■ **Aim of the task**:
Below is a listing. Return the lines from the one that contains "S3 SelectとKinesis Data" to the one that contains "(0,75 l): | 104 |", both ends included, verbatim and with no pictures.

■ **Exercise data**:
★ ★ ★ ★

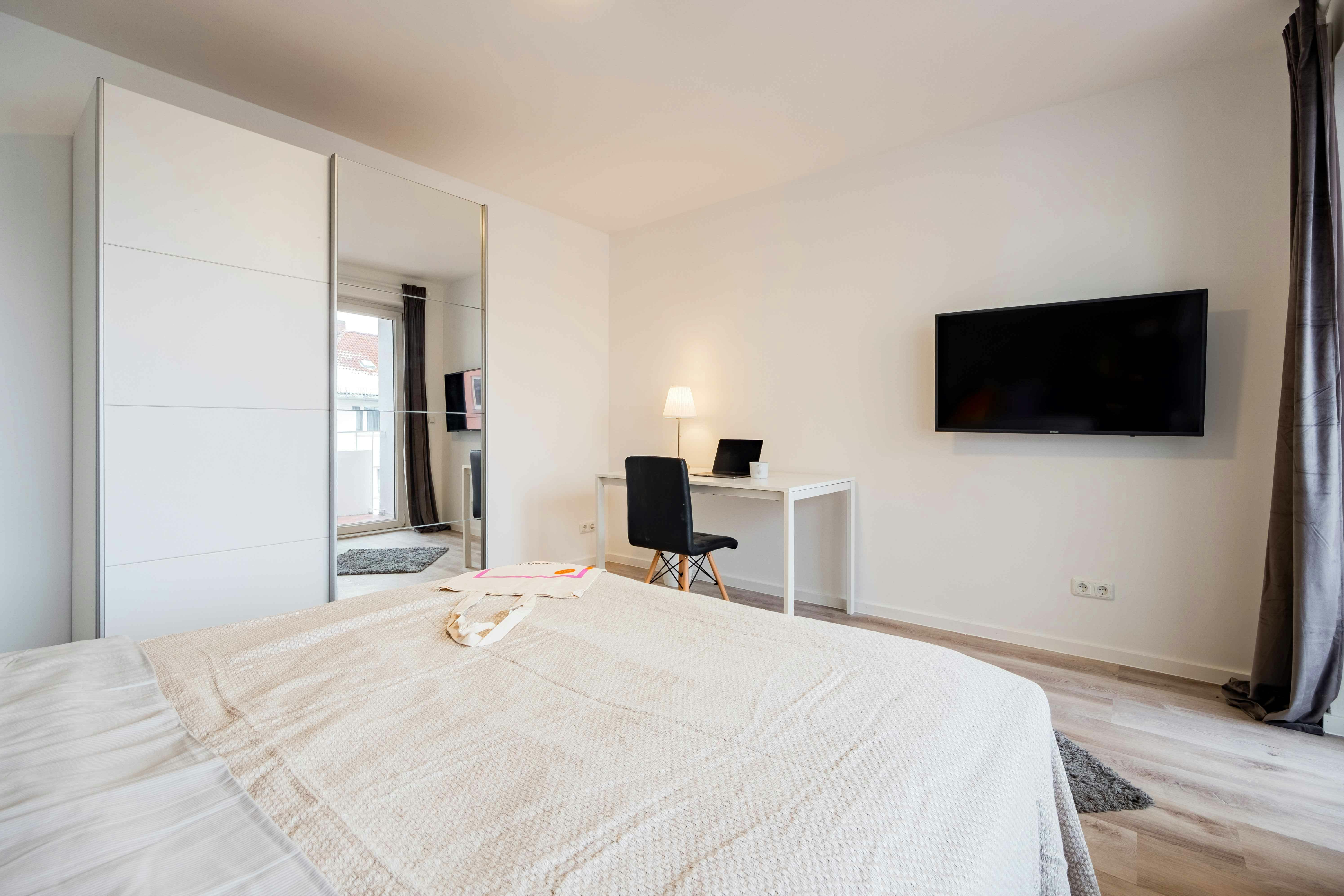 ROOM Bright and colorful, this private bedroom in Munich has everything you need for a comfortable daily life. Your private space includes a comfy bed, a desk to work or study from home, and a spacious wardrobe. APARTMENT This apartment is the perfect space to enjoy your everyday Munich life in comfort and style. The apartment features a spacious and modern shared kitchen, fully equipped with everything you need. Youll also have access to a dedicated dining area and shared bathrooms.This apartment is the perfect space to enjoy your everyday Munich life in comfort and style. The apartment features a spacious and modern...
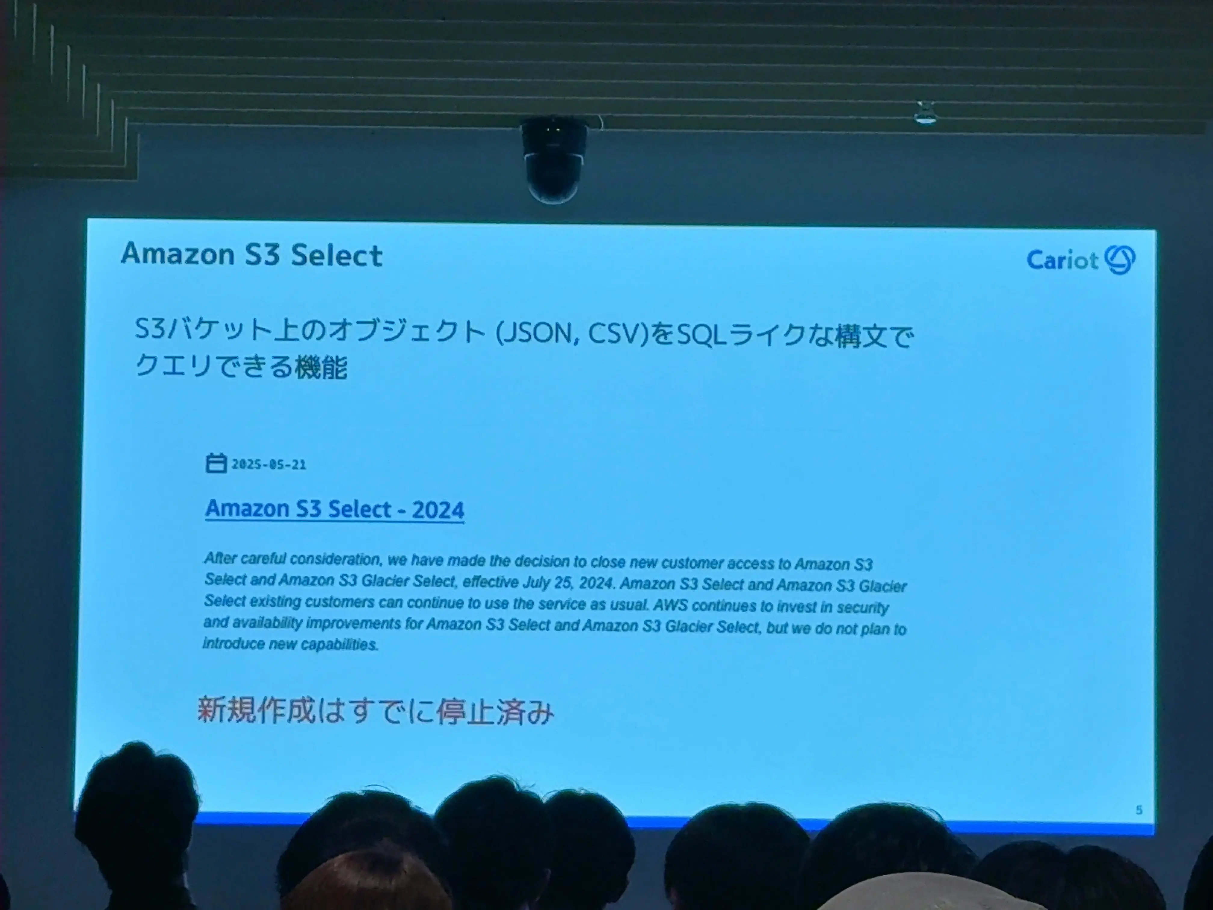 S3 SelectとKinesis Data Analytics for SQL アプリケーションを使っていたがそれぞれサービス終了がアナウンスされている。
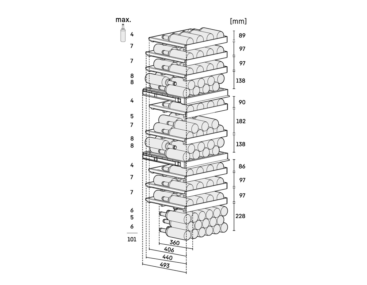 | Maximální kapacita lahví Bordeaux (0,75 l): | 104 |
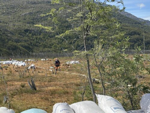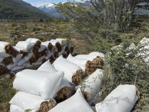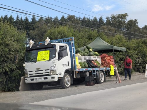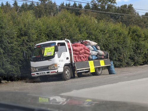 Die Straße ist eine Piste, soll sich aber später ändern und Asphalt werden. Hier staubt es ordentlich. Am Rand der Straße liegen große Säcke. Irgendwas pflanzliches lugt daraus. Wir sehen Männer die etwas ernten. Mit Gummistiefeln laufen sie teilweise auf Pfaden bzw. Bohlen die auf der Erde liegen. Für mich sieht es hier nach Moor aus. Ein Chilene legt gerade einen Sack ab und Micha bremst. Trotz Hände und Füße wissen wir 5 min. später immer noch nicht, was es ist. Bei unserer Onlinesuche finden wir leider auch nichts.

★ ★ ★ ★

■ **Written solution**:
 S3 SelectとKinesis Data Analytics for SQL アプリケーションを使っていたがそれぞれサービス終了がアナウンスされている。
 | Maximální kapacita lahví Bordeaux (0,75 l): | 104 |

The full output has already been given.